“The CWVA believes it is important to combat misinformation about the past. We recently wrote this open letter to the editor of Appalachian Magazine regarding an article that supports the idea the Europeans created some of the prehistoric sites in West Virginia. As exciting as these conspiracy theories can be, they undermine the work of legitimate archaeological researchers…” 1
The CWVA also argued that the researcher featured in the Appalachian Magazine articles, Robert Pyle, in addition to having his Celtic-Christian influence claims refuted in several academic journals throughout the 1980s (which are still posted on the CWVA website today), was not actually a certified or professional archaeologist. The claims regarding the carvings are simply a recycling of already-refuted claims from the 1980s, without consideration of legitimate archaeological perspectives or potential harmful effects of appropriating Native American history to promote a European-focused conspiracy, the CWVA argued.

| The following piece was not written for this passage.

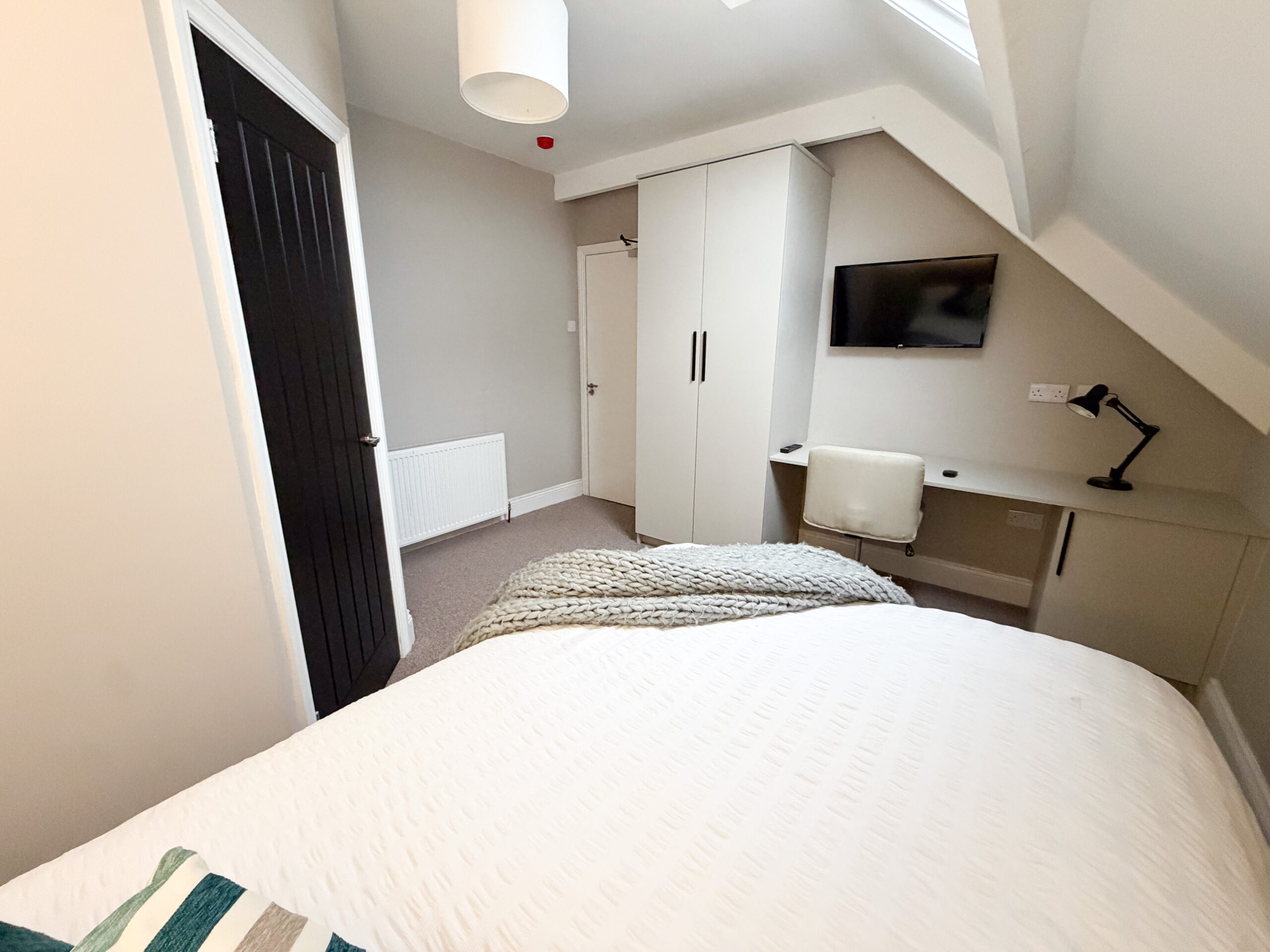 A double room on the second floor to the rear of the property. Fully furnished with a bed and mattress, wardrobe, desk, and flat-screen TV, with LED feature lighting behind the bed. The private ensuite bathroom includes a rainfall overhead shower, toilet, vanity unit, and illuminated mirror.

The site of the carvings has been relatively popular, both for experts travelling for research and for locals fascinated by related news articles or word-of-mouth. A historic marker for the site can be found along Clear Fork Road, or W.V. Route 971. From here, to find the actual carvings, the curious must turn onto Wyoming County Route 7, then left onto Fifth Street through a curve on their right side and finally into an alleyway on their left side. The alley will lead over followers over railroad tracks which they should then follow to the left (southwest), for nearly 800 feet, where there is another path along the hill to the right side. The petroglyph is located on a cliff about 30 or 40 feet up the path.